EXERCISE | Exactly the lines from the one containing "Pfc Gessick was" through the one containing "Juego de 2 Pinzas" in the listing below are to be copied, with the pictures left out.

PROVIDED RECORDS |
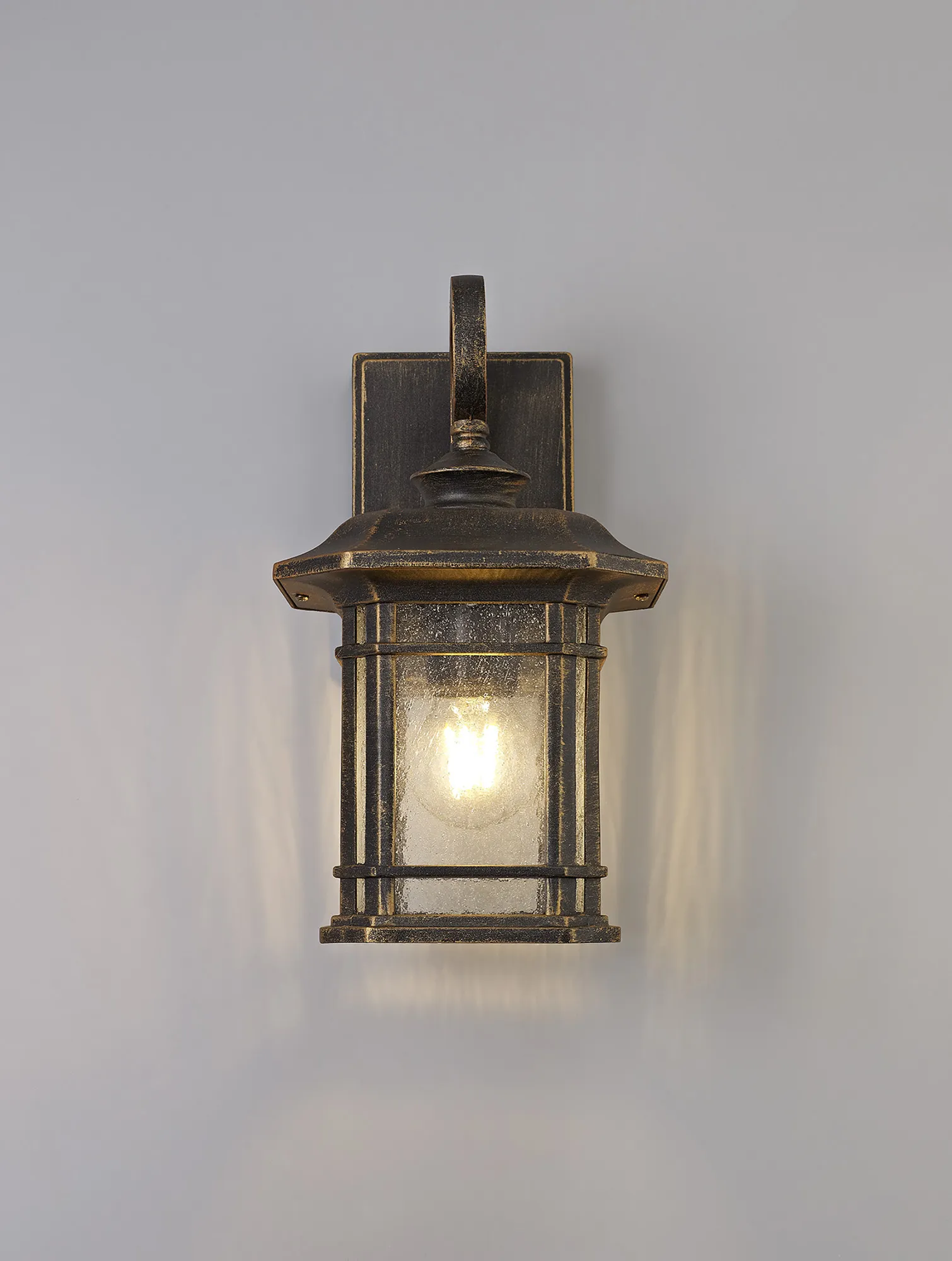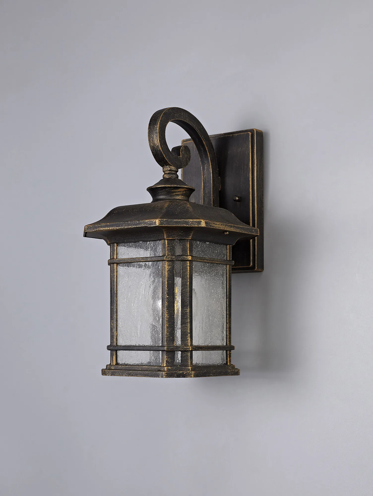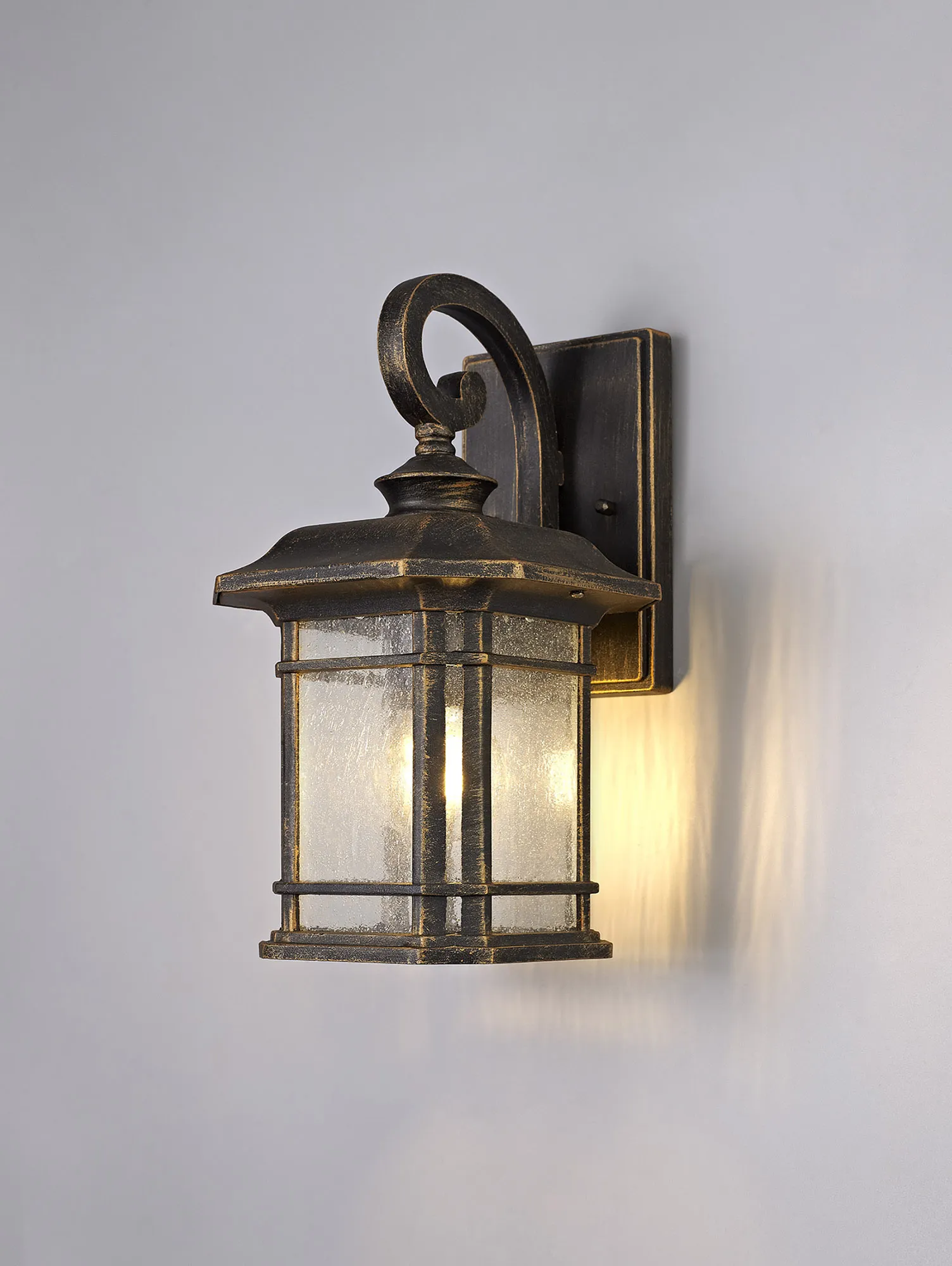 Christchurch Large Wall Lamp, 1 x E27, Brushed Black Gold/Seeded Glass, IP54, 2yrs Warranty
---
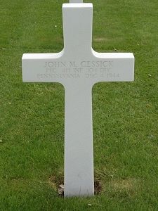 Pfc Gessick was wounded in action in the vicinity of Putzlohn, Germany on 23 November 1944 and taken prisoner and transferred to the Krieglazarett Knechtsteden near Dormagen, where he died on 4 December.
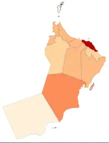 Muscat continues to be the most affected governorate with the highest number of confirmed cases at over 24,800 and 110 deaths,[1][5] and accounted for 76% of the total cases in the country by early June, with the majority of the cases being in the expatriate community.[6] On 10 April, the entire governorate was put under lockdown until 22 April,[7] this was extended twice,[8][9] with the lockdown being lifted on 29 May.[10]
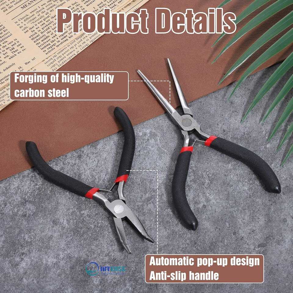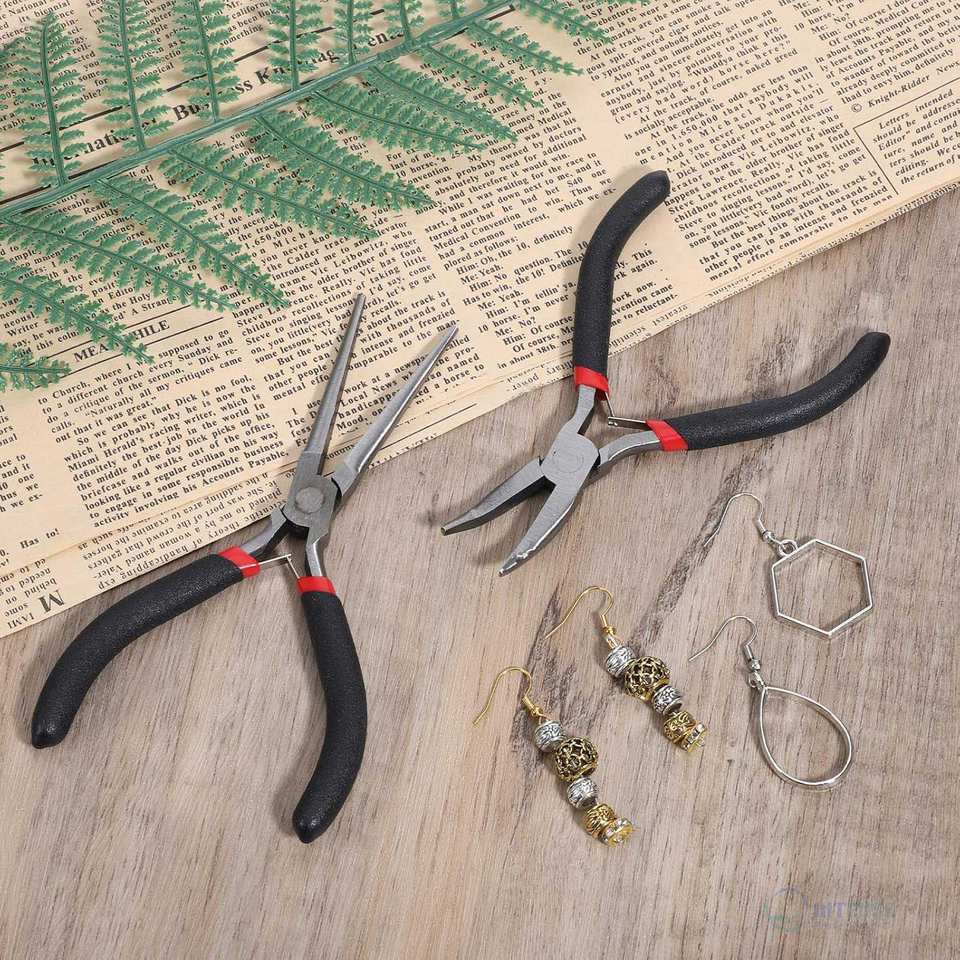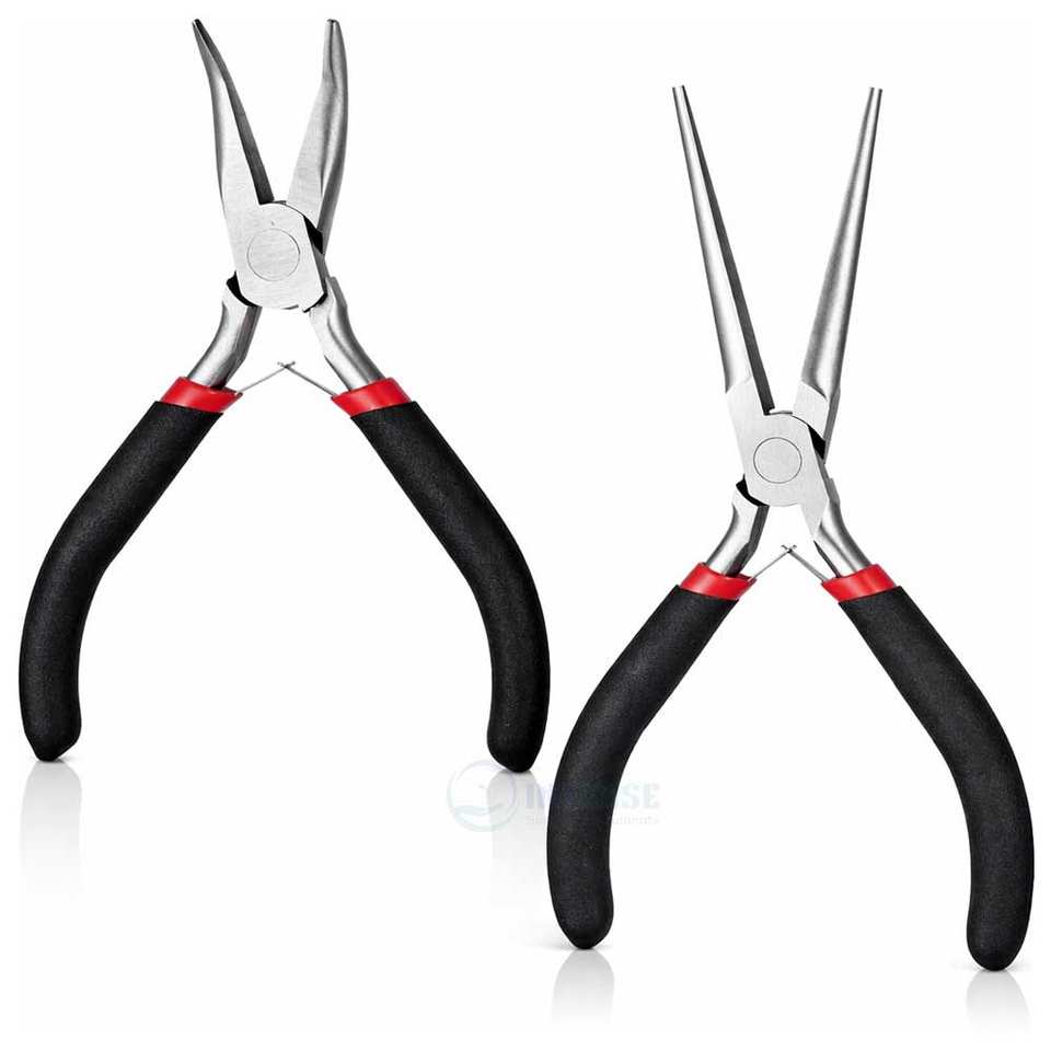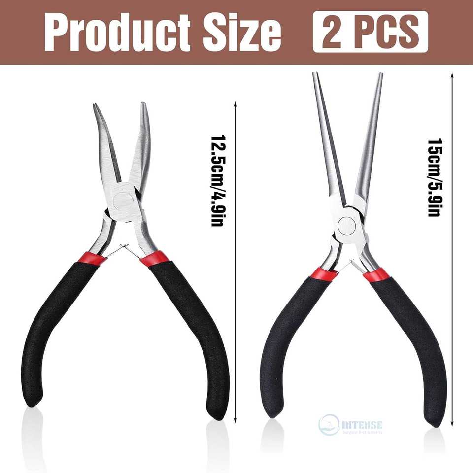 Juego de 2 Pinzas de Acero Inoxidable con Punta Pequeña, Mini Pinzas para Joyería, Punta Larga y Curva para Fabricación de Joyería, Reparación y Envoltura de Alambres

THE COMPLETED TASK |
 Pfc Gessick was wounded in action in the vicinity of Putzlohn, Germany on 23 November 1944 and taken prisoner and transferred to the Krieglazarett Knechtsteden near Dormagen, where he died on 4 December.
 Muscat continues to be the most affected governorate with the highest number of confirmed cases at over 24,800 and 110 deaths,[1][5] and accounted for 76% of the total cases in the country by early June, with the majority of the cases being in the expatriate community.[6] On 10 April, the entire governorate was put under lockdown until 22 April,[7] this was extended twice,[8][9] with the lockdown being lifted on 29 May.[10]
 Juego de 2 Pinzas de Acero Inoxidable con Punta Pequeña, Mini Pinzas para Joyería, Punta Larga y Curva para Fabricación de Joyería, Reparación y Envoltura de Alambres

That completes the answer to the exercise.